Respiratory Impairments Common, May Increase Risk of Sudden Death in Dravet Syndrome, Study Finds
Severe respiratory abnormalities induced by seizures are common in patients with Dravet syndrome, and may increase patients’ risk of sudden unexplained death in epilepsy (SUDEP), according to a recent study.
The report, “Severe Peri-Ictal Respiratory Dysfunction is Common in Dravet Syndrome,” was published in The Journal of Clinical Investigation.
Dravet syndrome patients have a high risk of SUDEP. Several reasons have been proposed as the cause of SUDEP in these patients, mostly pointing to cardiac causes.

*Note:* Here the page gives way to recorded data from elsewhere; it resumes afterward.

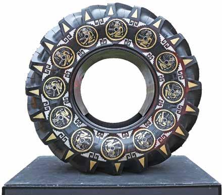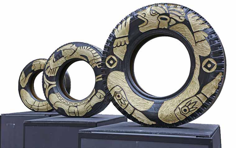 “Me encanta que esta exposición haga referencia a los sellos cilíndricos que giraron en todas las culturas de la humanidad para imprimir recuerdos. Sellos de cilindro que, como mis neumáticos, me permiten no sólo reciclar la basura en algo nuevo, sino también reciclar algo que gira y se convierte en un objeto que ha dejado de estar hecho para la velocidad, en un objeto destinado a perder velocidad, incluso para cuestionarlo, como rodillos que lentamente se mueven para recuperar la memoria de lo atropellado, de lo borrado o denigrado por los tiempos modernos”, afirmó
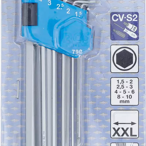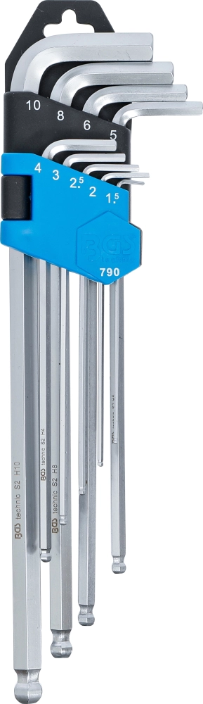 extra long hex/inner hexagon wrench set with ball head 1.5 - 10 mm 9 pieces BGS
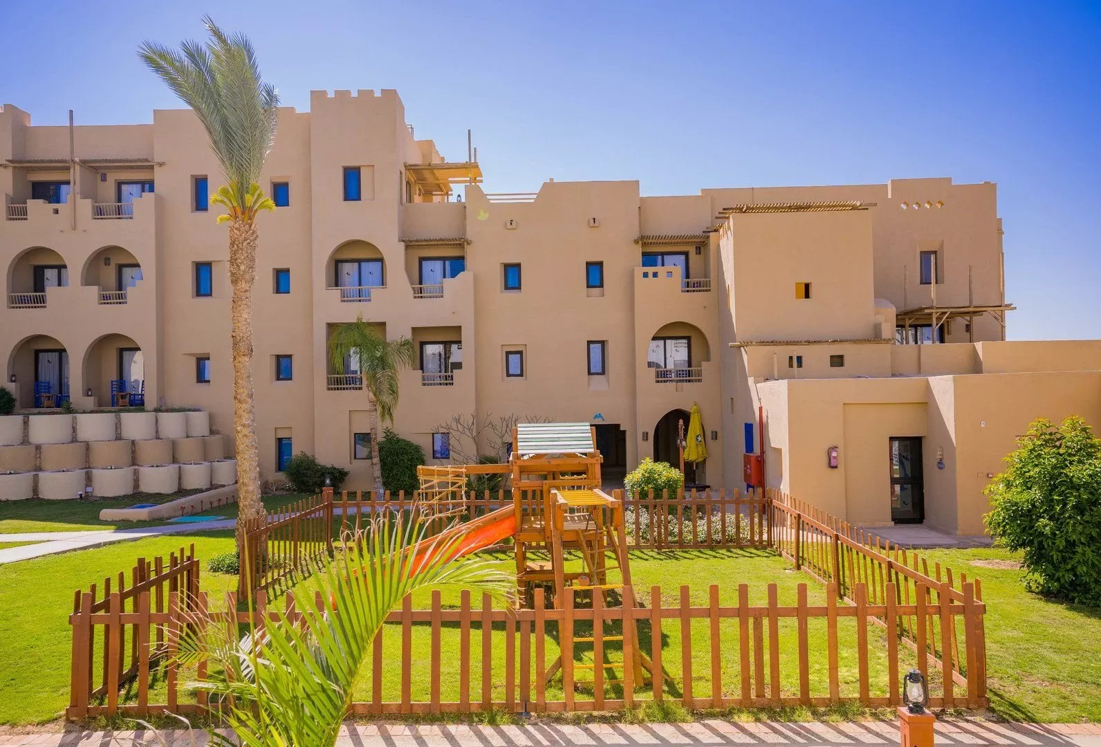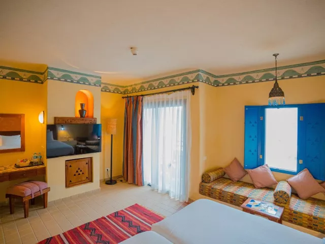 Hotel má skvelú polohu s prístupom k pobrežnej promenáde, ktorá ponúka rôzne možnosti zábavy. Izby sú zariadené v núbijskom štýle a hotel je vhodný pre všetky vekové kategórie. Pre najmenších je k dispozícii miniklub, detský bazén a šmykľavky.
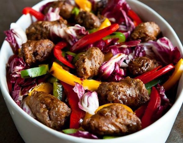 Mix the sliced peppers, onions and radicchio in a salad bowl. Top with boiled sausage. Drizzle with balsamic vinegar and olive oil to taste
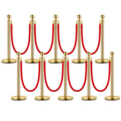 Premium Crowd Control Solution: These stanchion posts with ropes provide a refined way to organize and control crowds.Perfect for upscale events, the red velvet ropes and polished posts add a touch of luxury to any setting.
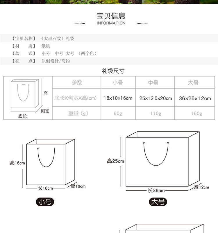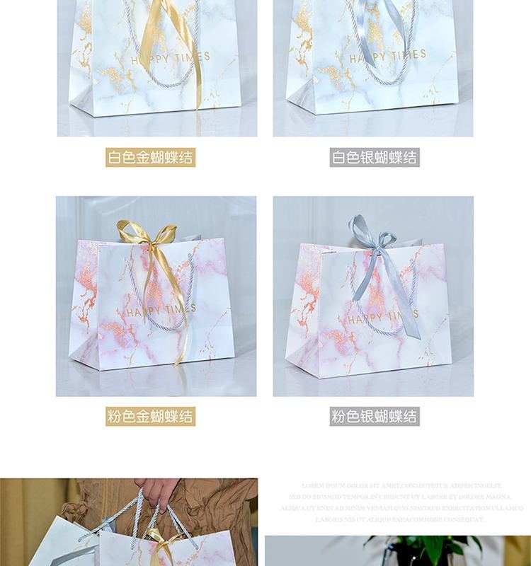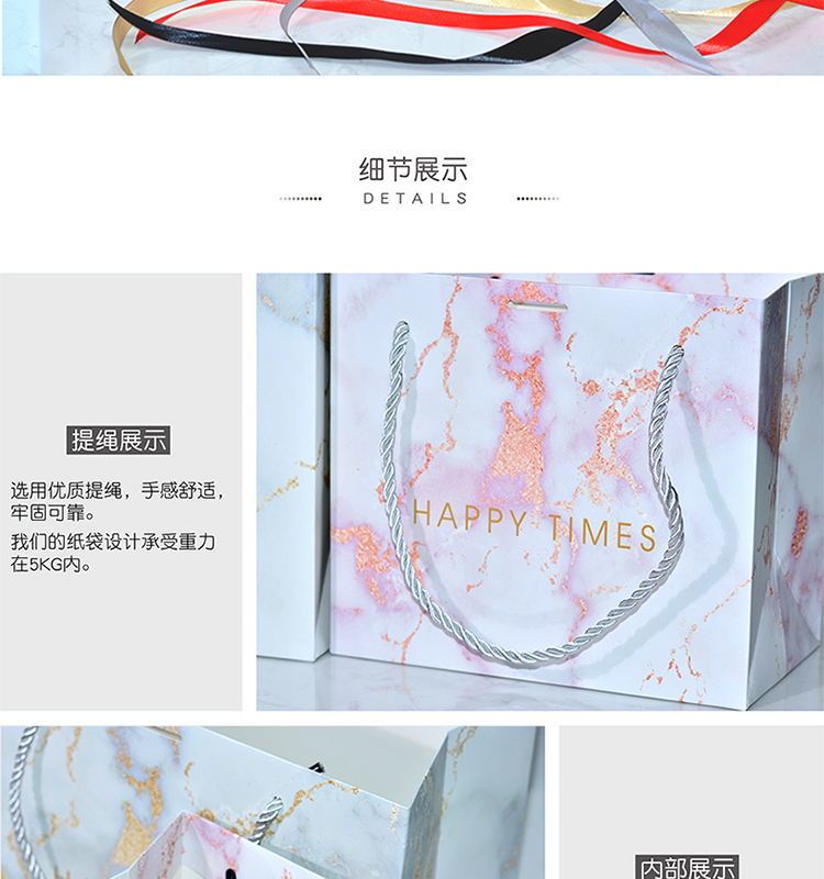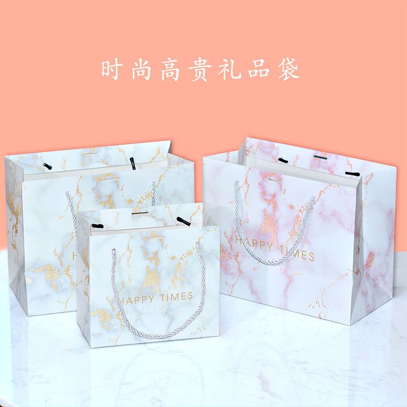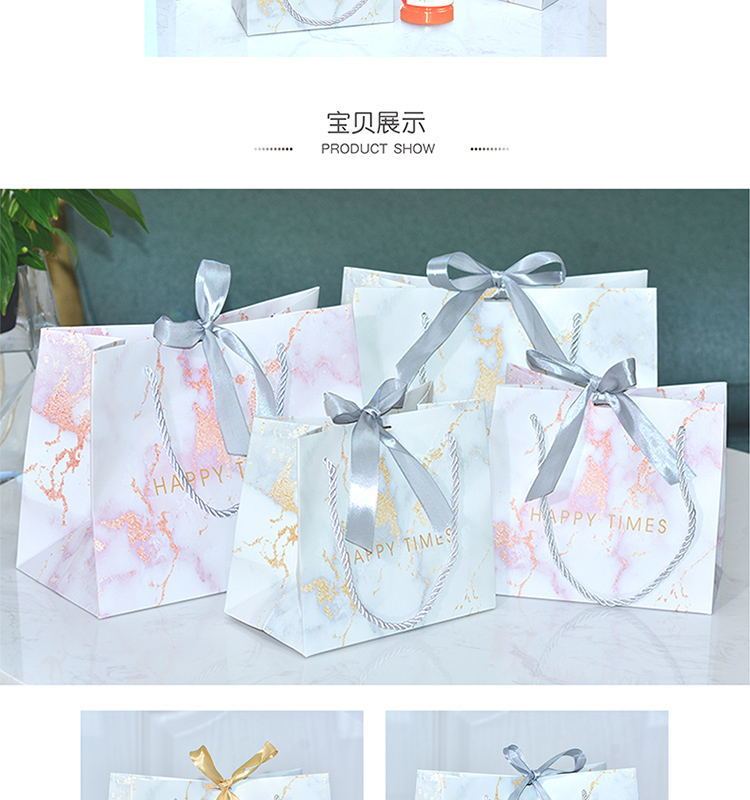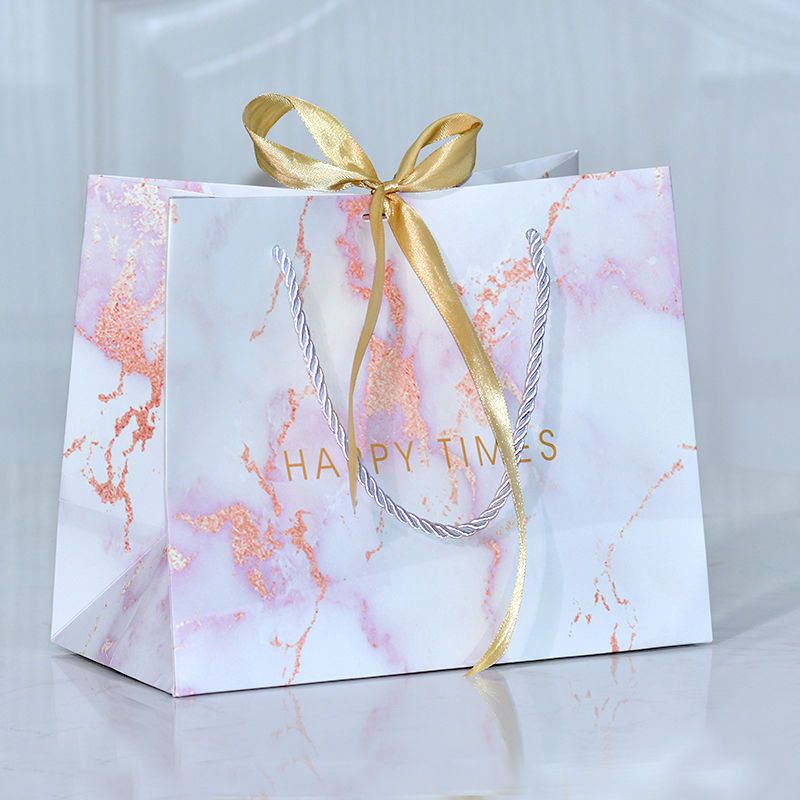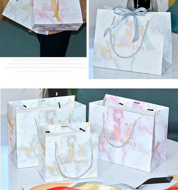 ins风礼品袋服装袋大理石纹简约手提袋配丝带喜糖袋通用纸袋定制
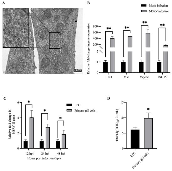 To examine the susceptibility of largemouth bass gill-derived primary cells to MSRV infections, transmission electronic microscopy analysis demonstrated the propagation of viral particles within host cells (Figure 3A). Further qRT-PCR results showed that primary cells were responsive to viral infections and expressions of anti-viral genes, and IFN1, Mx1, Viperin and ISG15 were all significantly up-regulated, with Viperin exhibiting the highest increase of ~582 fold (Figure 3B). We further compared expression levels of viral G genes in MSRV-infected primary cells to those of CPE cells; qRT-PCR analysis showed a significant increase in viral G genes expression at early time points (i.e., 12 and 24 hpi) compared to CPE cells, whereas at 48 hpi, the expression level of viral G genes was not significantly different, even though a slightly higher expression was observed in largemouth bass gill-derived primary cells (Figure 3C). A viral titration assay further confirmed that the TCID50 of largemouth bass gill-derived primary cells was significantly higher than that of EPC cells, indicating a higher susceptibility of the primary cells to MSRV infection (Figure 3D).

However, “measurements of breathing have not been made during spontaneous or heat-induced seizures” in mouse models of Dravet syndrome, so it remained unknown whether abnormal breathing contributes to SUDEP.
Researchers evaluated the potential contribution of breathing dysfunction after a seizure (called postictal) to SUDEP by analyzing patients and a mouse model of Dravet syndrome.
They reviewed video recordings of seven patients with Dravet syndrome and seven patients with localization-related epilepsy and saw that Dravet patients were more prone to have seizure-related abnormal breathing. These happened at the same time as disturbances in respiratory rhythm generation.
In one patient with Dravet syndrome, a 9-year old girl, researchers reviewed video-electroencephalography (EEG) monitoring and observed a severe and prolonged abnormal and poor respiratory activity (hypoventilation) following a seizure. The patient eventually died of SUDEP.
Researchers show that seizures in patients with Dravet syndrome induce breathing dysfunction – known as peri-ictal breathing dysfunction – lasting as long as four hours after the seizures end.
“In the non-fatal episodes documented here, these changes were transient, but the severe defects in breathing in the patient who later died of SUDEP suggest that respiratory changes may be biomarkers of patients at high risk,” they wrote.
They then used a mouse model of Dravet syndrome (in mice with a mutation described in three unrelated Dravet syndrome patients) to find the cause of death after the seizures.
The results showed that the mice “died after spontaneous and heat-induced seizures due to central apnea [their breathing stopped] followed by progressive bradycardia [a slow heart rate].”
Treatment with high doses of atropine, a muscarinic receptor antagonist, prevented death by blocking central apnea.
“These results indicate that atropine analogues have effects in the central nervous system that prevent seizure-induced apnea,” researchers wrote.
Overall, “cardiac abnormalities clearly play an important role in many cases of SUDEP, likely including some cases of [Dravet syndrome],” researchers explained.
But focusing only on cardiac changes is potentially misleading if not “evaluating breathing and blood gases, since changes in O2, CO2 and pH can induce a variety of cardiovascular abnormalities including bradycardia and tachyarrhythmias,” they added.
“This is of practical clinical importance, since a cardiac pacemaker would not be appropriate for preventing SUDEP in a patient with bradycardia secondary to central apnea. Instead, interventions that restore ventilation would be more logical for rescuing epilepsy patients who have peri-ictal respiratory arrest,” the study concluded.